Where the line holding "The EGYM For" appears, start copying, and continue exactly through the last line of the listing, skipping pictures.

» DATASET SECTION

════════

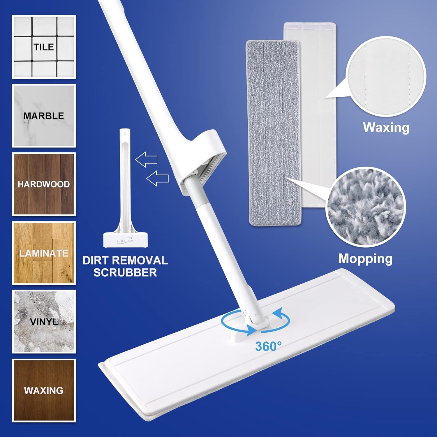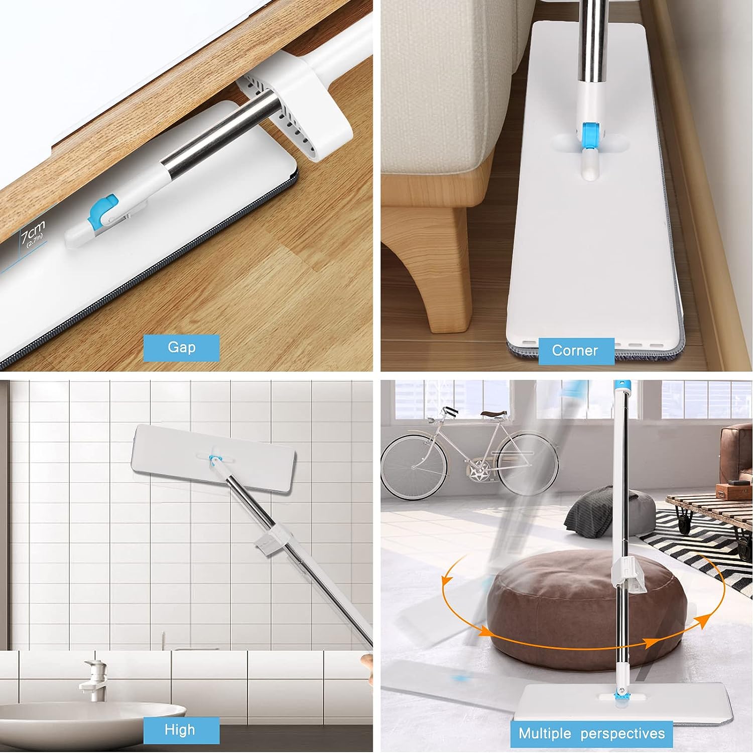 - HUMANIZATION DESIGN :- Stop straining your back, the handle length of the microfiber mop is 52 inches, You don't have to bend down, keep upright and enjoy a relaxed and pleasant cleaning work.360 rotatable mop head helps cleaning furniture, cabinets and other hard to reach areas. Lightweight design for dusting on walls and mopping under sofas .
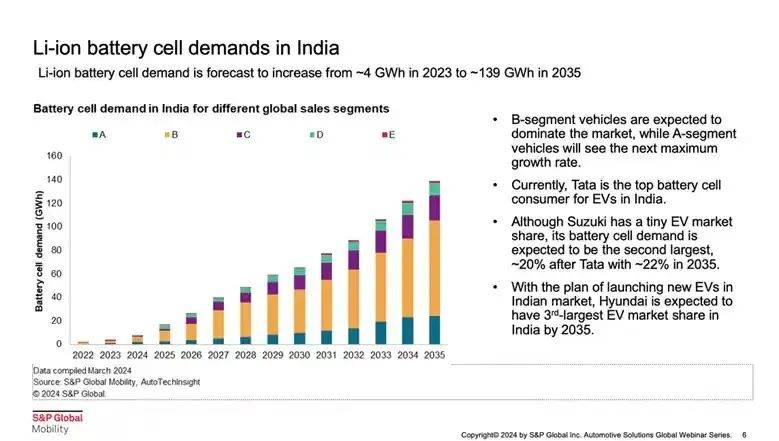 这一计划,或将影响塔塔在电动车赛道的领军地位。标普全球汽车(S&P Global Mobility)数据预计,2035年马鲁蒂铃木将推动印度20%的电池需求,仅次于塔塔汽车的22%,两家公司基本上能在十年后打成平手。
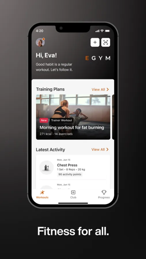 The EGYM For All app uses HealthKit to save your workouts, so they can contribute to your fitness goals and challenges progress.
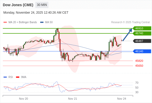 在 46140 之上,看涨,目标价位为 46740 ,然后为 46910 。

════════

» WRITTEN REPLY
 The EGYM For All app uses HealthKit to save your workouts, so they can contribute to your fitness goals and challenges progress.
 在 46140 之上,看涨,目标价位为 46740 ,然后为 46910 。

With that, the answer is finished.